Questions were asked as to why Gareth Southgate had opted to go and watch Mason Mount play for Derby against Blackburn in the Championship rather than seeing Alexander-Arnold take on Neymar, or Jordan Henderson look to impose himself against the grandees of France, but he probably made the right choice. This was no more a gauge of their talents than Einstein doing his times tables would have been of his.

In the end, perhaps it was too easy. The second half became a stroll, despite Thomas Meunier halving Liverpool's lead five minutes before half-time, hooking in a loose ball in the box. Almost 40 minutes of it had passed and PSG not only hadn't had a shot, they had managed only eight passes in the 30 yards closest to Liverpool's goal. The game had taken on a weird aspect, as Liverpool, charged for an epic, found it a stroll and found their own focus slipped as a consequence. A lax pass from Mohamed Salah, a quick turnover and Neymar had laid in Kylian Mbappe to equalise. Indulged they may be, but they are still good players. Give them a chance and they will still take it, just as the most decadent of the late Romans would still eat a grape so long as you peeled it first and popped it in their mouths.

Negligent performances

But most damning of all was what followed. PSG had been gifted a point. They had got away with one of the most disgracefully negligent performances a club of their resources has ever put on. They could go back to Paris and fuel their self-regard with a useful away point. All they had to do was compete for the final seven minutes plus injury time. But they could not.

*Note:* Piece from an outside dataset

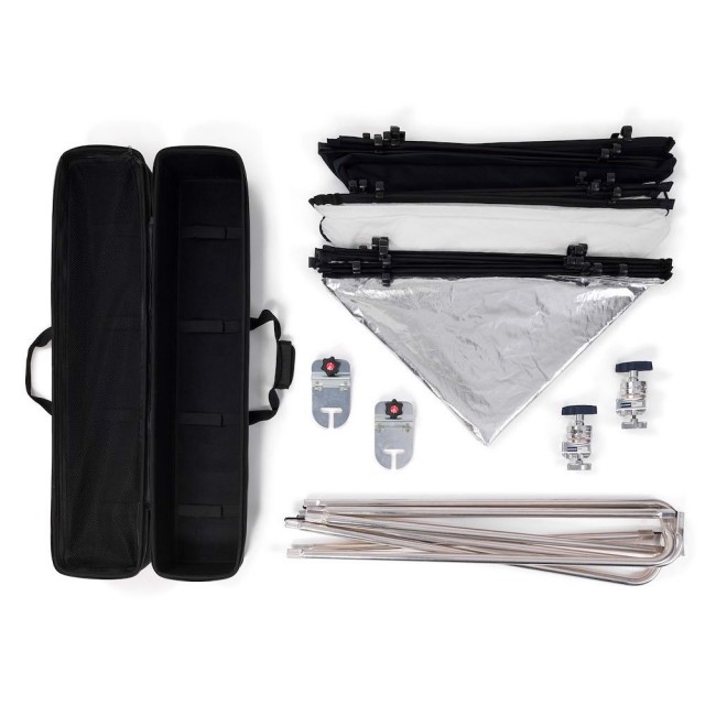 Könnyen hordozható fix vázas készlet cserélhető szövetekkel a könnyű munkához. A kiváló minőségű, könnyű alumíniumkeret könnyű kezelhetőséget tesz lehetővé. Sokoldalúan használható fotókhoz és videókhoz.

Liverpool, to their immense credit, were able to re-engage. And when placed under pressure again, PSG’s swagger became a whimper. Look at Roberto Firmino’s winner and count how many PSG players have turned away rather than attempt a block: these are basics of defending, of professional self-respect, and they cannot do them.

Each season the question seems to become more fundamental: what are PSG? A vanity project for Neymar? A strangely misplaced Nike marketing ploy? A laundromat for Qatar’s international reputation? They’re certainly not a football club in any traditional sense. And if they are supposed to be an agent of Qatari soft power, they really need to start emphasising the power aspect of that phrase rather than the soft.